Activity
Look in the data below for the line that has "graphslibrary (for input", then print exactly every line from there through the line that has "سایز ۵۵: قد", leaving pictures out.

Information given
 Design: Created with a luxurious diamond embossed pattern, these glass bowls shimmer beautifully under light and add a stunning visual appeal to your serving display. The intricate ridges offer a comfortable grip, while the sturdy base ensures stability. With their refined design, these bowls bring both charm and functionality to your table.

* * *

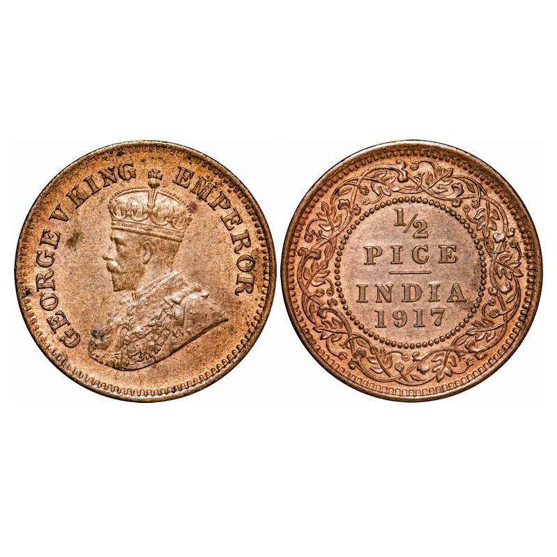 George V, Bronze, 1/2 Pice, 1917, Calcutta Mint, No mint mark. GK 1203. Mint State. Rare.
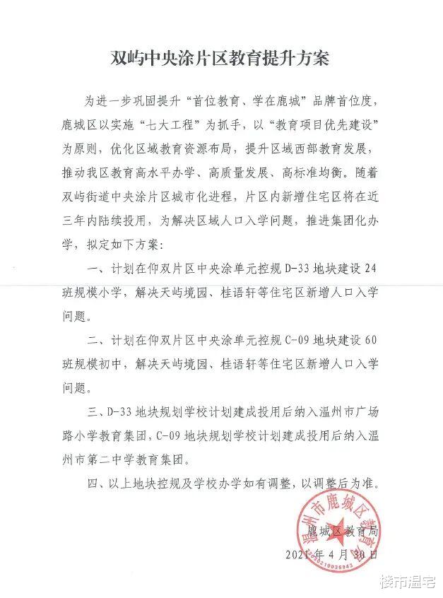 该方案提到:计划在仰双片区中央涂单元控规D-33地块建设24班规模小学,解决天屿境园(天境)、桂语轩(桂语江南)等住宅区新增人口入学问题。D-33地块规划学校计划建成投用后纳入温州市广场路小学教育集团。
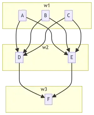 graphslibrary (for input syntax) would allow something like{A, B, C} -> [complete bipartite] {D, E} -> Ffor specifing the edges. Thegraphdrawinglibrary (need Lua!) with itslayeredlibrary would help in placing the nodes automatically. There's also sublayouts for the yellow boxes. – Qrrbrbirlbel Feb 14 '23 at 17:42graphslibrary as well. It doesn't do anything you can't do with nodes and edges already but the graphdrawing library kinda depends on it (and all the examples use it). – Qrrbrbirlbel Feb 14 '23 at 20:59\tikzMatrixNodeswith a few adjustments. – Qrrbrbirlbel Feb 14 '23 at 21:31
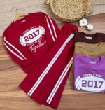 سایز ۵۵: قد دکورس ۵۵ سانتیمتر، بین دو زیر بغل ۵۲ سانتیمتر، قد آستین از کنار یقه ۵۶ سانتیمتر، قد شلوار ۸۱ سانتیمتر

--

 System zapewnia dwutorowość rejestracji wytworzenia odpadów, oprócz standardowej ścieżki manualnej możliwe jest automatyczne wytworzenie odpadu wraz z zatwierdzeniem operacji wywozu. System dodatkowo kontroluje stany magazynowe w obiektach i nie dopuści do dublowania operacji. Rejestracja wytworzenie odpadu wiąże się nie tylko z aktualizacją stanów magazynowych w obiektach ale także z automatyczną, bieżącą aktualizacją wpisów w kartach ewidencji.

Response area
 graphslibrary (for input syntax) would allow something like{A, B, C} -> [complete bipartite] {D, E} -> Ffor specifing the edges. Thegraphdrawinglibrary (need Lua!) with itslayeredlibrary would help in placing the nodes automatically. There's also sublayouts for the yellow boxes. – Qrrbrbirlbel Feb 14 '23 at 17:42graphslibrary as well. It doesn't do anything you can't do with nodes and edges already but the graphdrawing library kinda depends on it (and all the examples use it). – Qrrbrbirlbel Feb 14 '23 at 20:59\tikzMatrixNodeswith a few adjustments. – Qrrbrbirlbel Feb 14 '23 at 21:31
 سایز ۵۵: قد دکورس ۵۵ سانتیمتر، بین دو زیر بغل ۵۲ سانتیمتر، قد آستین از کنار یقه ۵۶ سانتیمتر، قد شلوار ۸۱ سانتیمتر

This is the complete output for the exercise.